▶ DATA FOR THIS TASK
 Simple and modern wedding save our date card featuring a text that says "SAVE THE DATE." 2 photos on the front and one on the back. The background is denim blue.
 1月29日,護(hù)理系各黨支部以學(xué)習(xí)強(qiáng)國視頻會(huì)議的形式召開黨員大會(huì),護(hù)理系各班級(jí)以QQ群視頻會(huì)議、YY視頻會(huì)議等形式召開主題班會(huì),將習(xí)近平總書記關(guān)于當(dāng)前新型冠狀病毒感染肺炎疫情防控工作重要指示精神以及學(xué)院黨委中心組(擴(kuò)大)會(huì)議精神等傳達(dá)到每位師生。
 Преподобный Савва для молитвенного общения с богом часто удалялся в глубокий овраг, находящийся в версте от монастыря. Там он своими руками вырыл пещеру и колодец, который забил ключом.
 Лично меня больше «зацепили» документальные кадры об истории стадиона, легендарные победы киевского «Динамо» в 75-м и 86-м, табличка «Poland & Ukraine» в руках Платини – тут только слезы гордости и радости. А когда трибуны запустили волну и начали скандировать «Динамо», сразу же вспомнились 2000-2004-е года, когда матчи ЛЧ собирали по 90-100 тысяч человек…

--

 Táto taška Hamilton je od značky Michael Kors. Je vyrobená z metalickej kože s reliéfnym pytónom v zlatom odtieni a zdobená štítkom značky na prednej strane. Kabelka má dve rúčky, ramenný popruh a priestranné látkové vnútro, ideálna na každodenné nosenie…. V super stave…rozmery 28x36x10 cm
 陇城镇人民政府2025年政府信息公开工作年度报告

▶ WHAT TO PRODUCE
From the listing above, the lines starting with the one that has "Simple and modern" and running through the one that has "Преподобный Савва для" should be copied exactly, ends included.

▶ RESPONSE AREA
 Simple and modern wedding save our date card featuring a text that says "SAVE THE DATE." 2 photos on the front and one on the back. The background is denim blue.
 1月29日,護(hù)理系各黨支部以學(xué)習(xí)強(qiáng)國視頻會(huì)議的形式召開黨員大會(huì),護(hù)理系各班級(jí)以QQ群視頻會(huì)議、YY視頻會(huì)議等形式召開主題班會(huì),將習(xí)近平總書記關(guān)于當(dāng)前新型冠狀病毒感染肺炎疫情防控工作重要指示精神以及學(xué)院黨委中心組(擴(kuò)大)會(huì)議精神等傳達(dá)到每位師生。
 Преподобный Савва для молитвенного общения с богом часто удалялся в глубокий овраг, находящийся в версте от монастыря. Там он своими руками вырыл пещеру и колодец, который забил ключом.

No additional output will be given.